Since its creation in 2004, the firm – whose board includes members of Saudi Arabia’s Al-Muhaidib merchant family as well as Mohammed Alabbar, the Dubai property executive – has been one of the most active, straddling sectors ranging from financial services to media and construction.
Now, in a much-changed financial world, it faces another big test: can it find a lucrative way out of investments made in the boom years when asset valuations soared?
“Today, and over the coming years, it’s going to be about these investments that happened in ’06, ’07 – is it possible to exit and are these exits profitable?” says Fadi Arbid, the company’s chief executive.
For Amwal AlKhaleej and other regional private equity houses, the years leading up to the financial crisis were a time of easy fundraising and abundant investment opportunities.
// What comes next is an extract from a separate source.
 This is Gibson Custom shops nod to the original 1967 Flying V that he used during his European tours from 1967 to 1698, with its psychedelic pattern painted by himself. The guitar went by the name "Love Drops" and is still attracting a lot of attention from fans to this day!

The firm’s first fund closed in 2005, and fully invested its cash in 2007, at the height of the boom. The second closed in 2007 and began to invest after that.
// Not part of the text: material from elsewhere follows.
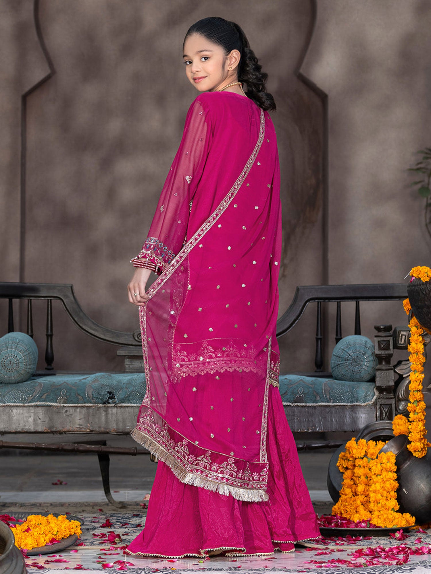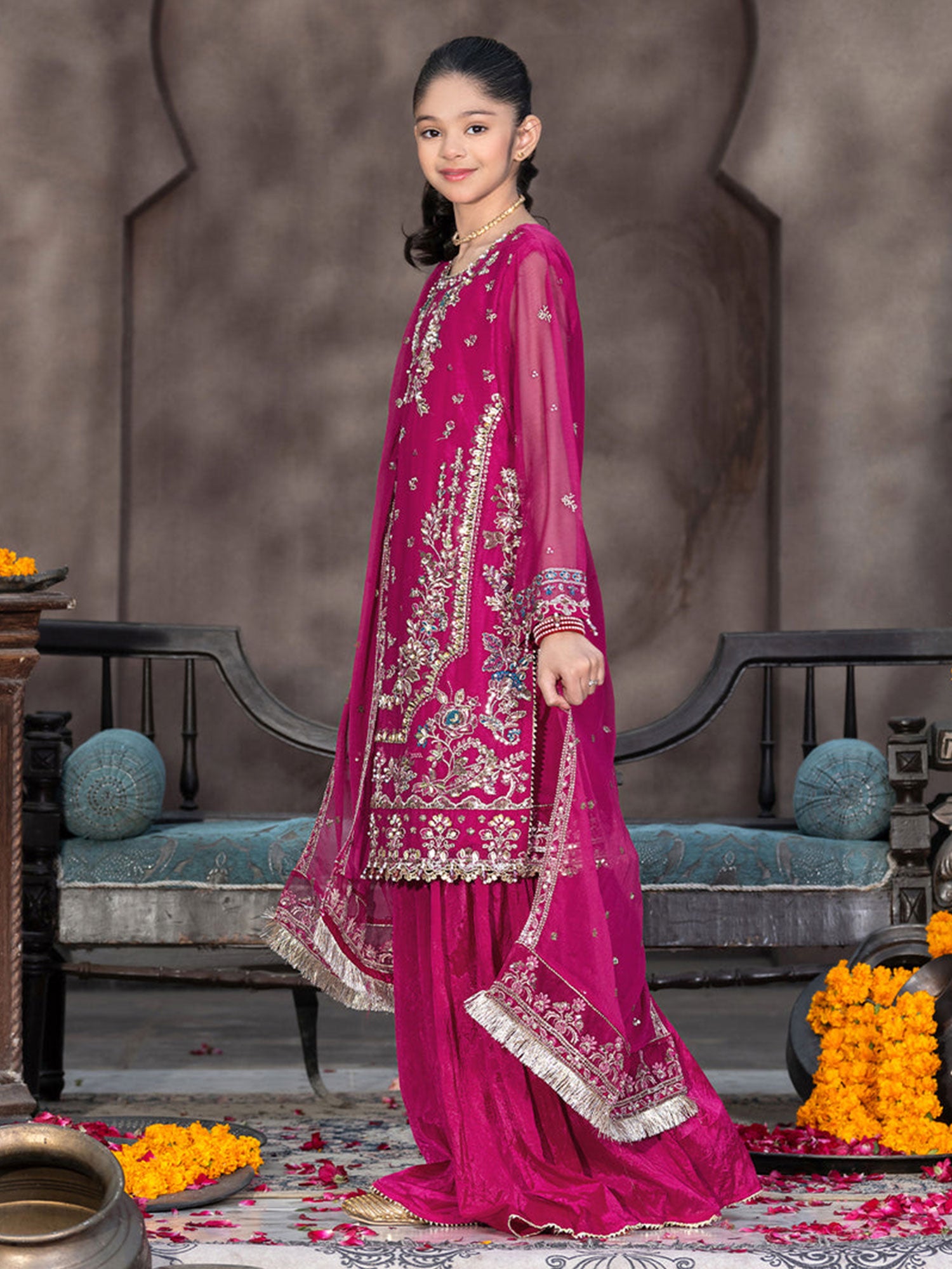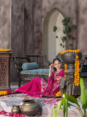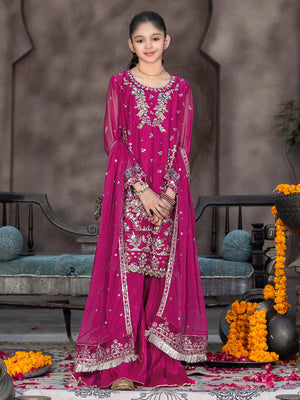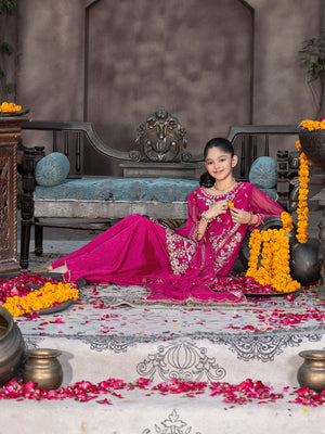 Ally's Kids Pink Lux Chiffon Suit with Gharara (AL-4281)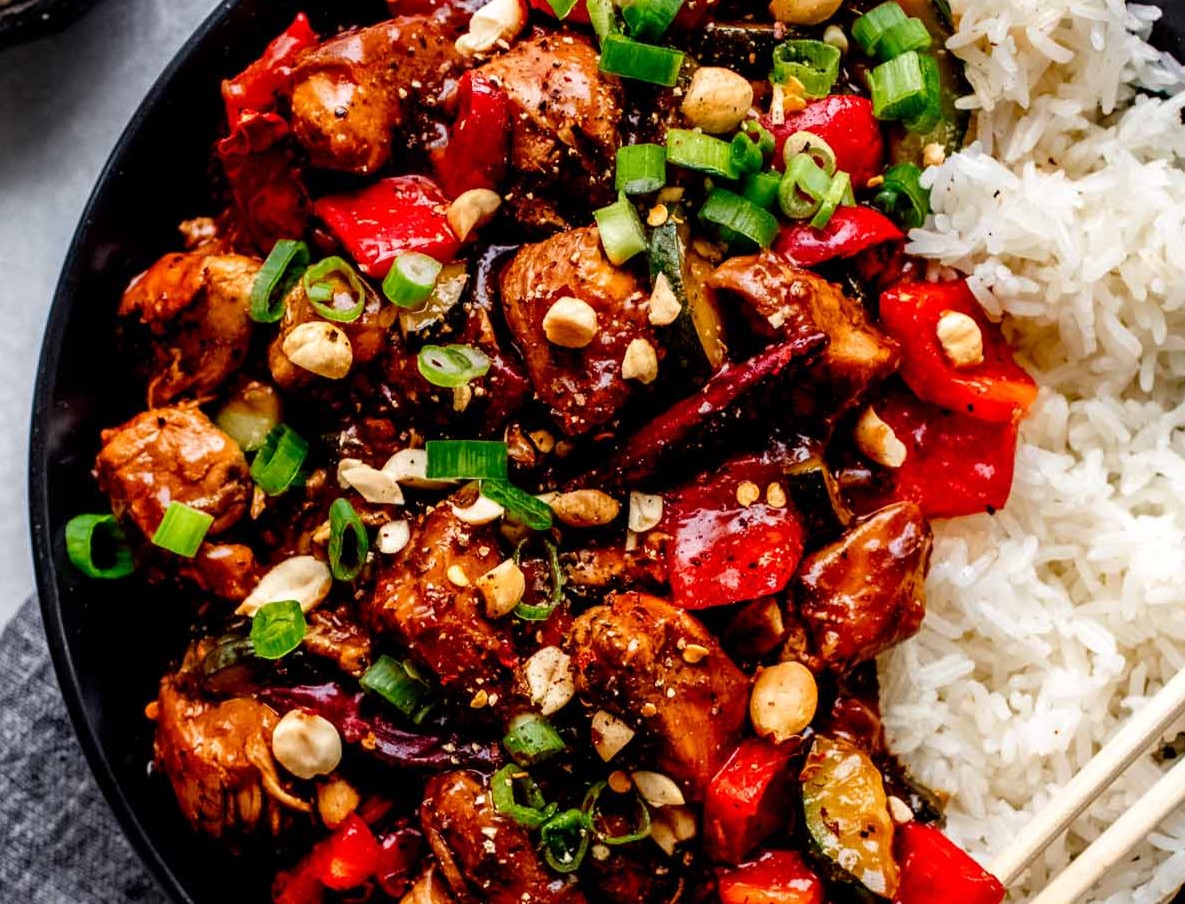 把炒锅烧到冒烟,倒入 3 大勺油,等油面微微泛起油纹时,迅速放入干辣椒、葱段、蒜片和姜末。干辣椒在热油中瞬间变得红亮,激发出浓郁的香气,这时立刻倒入腌制好的鸡肉丁。开大火快速翻炒,锅铲与铁锅碰撞出 “哗啦哗啦” 的响声,看着鸡肉丁在高温下逐渐变成诱人的金黄色。此时将调好的酱汁沿着锅边淋入,继续快速翻炒让酱汁紧紧包裹住鸡肉,等酱汁变得浓稠透亮就可以了。

Amwal AlKhaleej is not alone in being confronted now with pre-crisis investment decisions. In its 2011 annual review released last month, the MENA Private Equity Association said 50 per cent of fund managers it surveyed expected valuations to be lower in 2012 than the previous year, complicating the prospects for funds needing to sell their assets and pay returns to investors.
According to a 2011 report that Amwal AlKhaleej carried out alongside the Wharton School of the University of Pennsylvania, about 218 investments were made by regional private equity funds between 2004 and 2009, but just 14 had resulted in exits.
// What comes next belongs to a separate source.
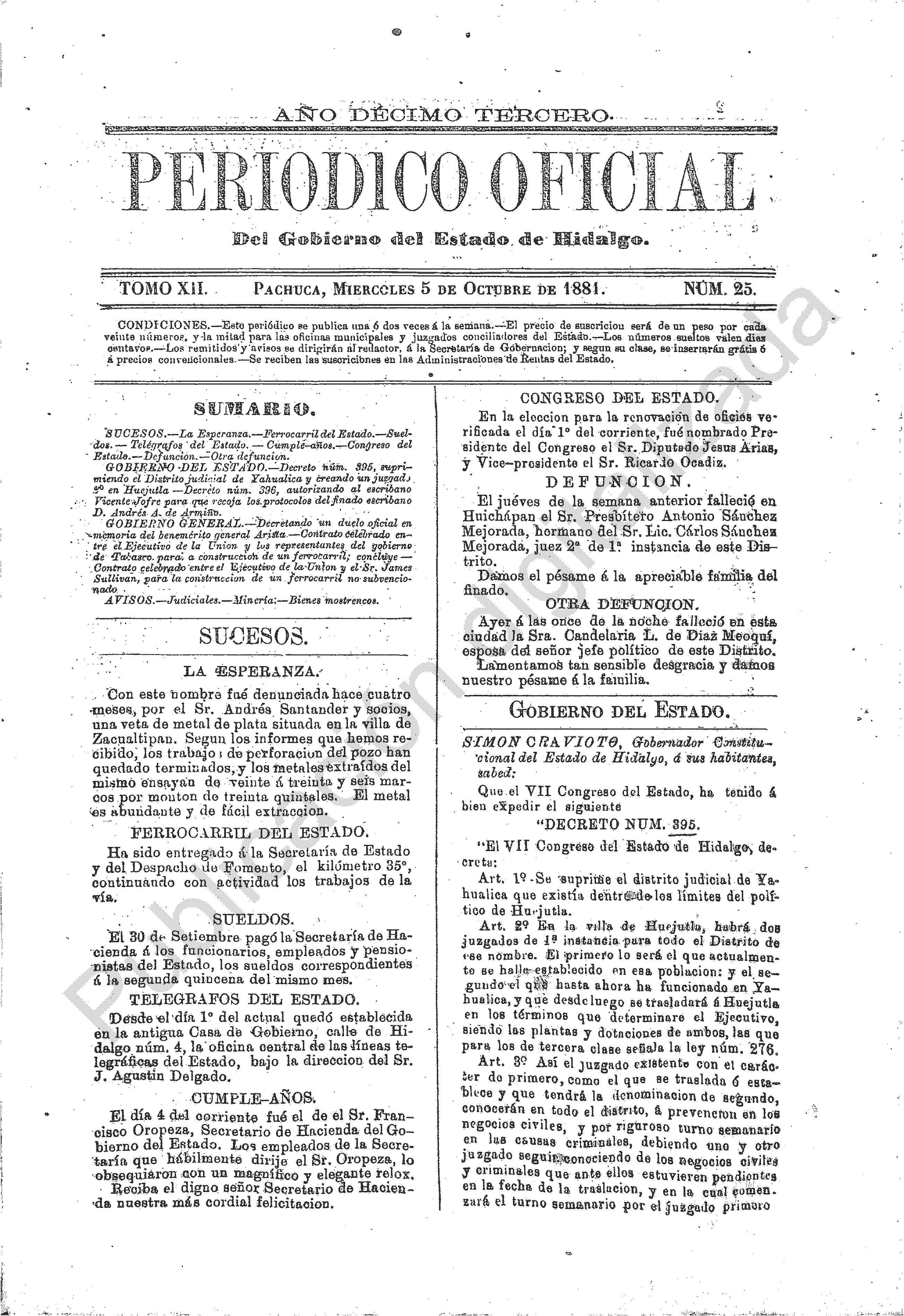 Descargar Periódico Oficial Ordinario 0 del 05 de octubre de 1881El portal web del Periódico Oficial del Estado de hidalgo es el único medio de difusión oficial del Gobierno del Estado de Hidalgo

But while other regional players have struggled to sell assets bought at top-dollar valuations, the firm has sold several of its investments since 2004, including multimillion-dollar stakes in the Lebanese lender Bank Audi and Acwa Power, the Saudi-based utility company.
The most recent exit was the initial public offering of Al-Tayyar Travel Group, the regional travel company, in Riyadh. After a failed IPO attempt in 2010, Amwal AlKhaleej made 10-times its money back.
“Making returns in this environment is harder,” says Mr Arbid. “But for us this was a good indication, the magnitude of the returns is quite impressive.”
The offering was more than six-times subscribed and raised more than SR8.3bn ($2.2bn). The retail subscription amounted to SR1.64bn, viewed as a positive indication of liquidity in the Saudi market.
As a Riyadh-based firm, exits in Saudi Arabia should be easier for Mr Arbid’s organisation. With that in mind, Amwal AlKhaleej is planning another exit in the next six to 12 months on home turf.
But further afield, exits may take longer to come to fruition. Amwal AlKhaleej, like other regional funds, is exposed to Egypt through investments that include stakes in Arab Cotton Ginning, the cotton producer, and the Egypt Propylene and Polypropylene Company, an industrial group.
Mr Arbid says his fund received much interest in one of the Egyptian companies before the revolution. Now the firm plans to make a sale in 12-18 months.
Beyond the turmoil in Egypt, Amwal AlKhaleej was also affected by the Dubai real estate crash, whose repercussions went far beyond the property market. An investment in a Dubai media company went sour when it became clear that advertising revenue was strongly correlated to the property boom.
“We took a systemic risk on the Dubai crisis,” Mr Arbid says. “We didn’t use leverage, otherwise we would have been under more pressure.”
That prudent approach to debt has been a big factor helping the firm avoid the fate of other regional players that have been squeezed by the tough market for refinancing. It has helped the company survive a shake-out in the Gulf’s private equity industry, and be well positioned for the strong economic rebound under way in Saudi Arabia. After postponing plans to launch a new fund this year, Amwal AlKhaleej expects to start marketing one to investors in 2013.
Even in Egypt, where valuations have faltered, Mr Arbid remains optimistic. “Our companies are doing extremely well, their operations have not been affected,” he says. “The problem is the perception of the value of the company.”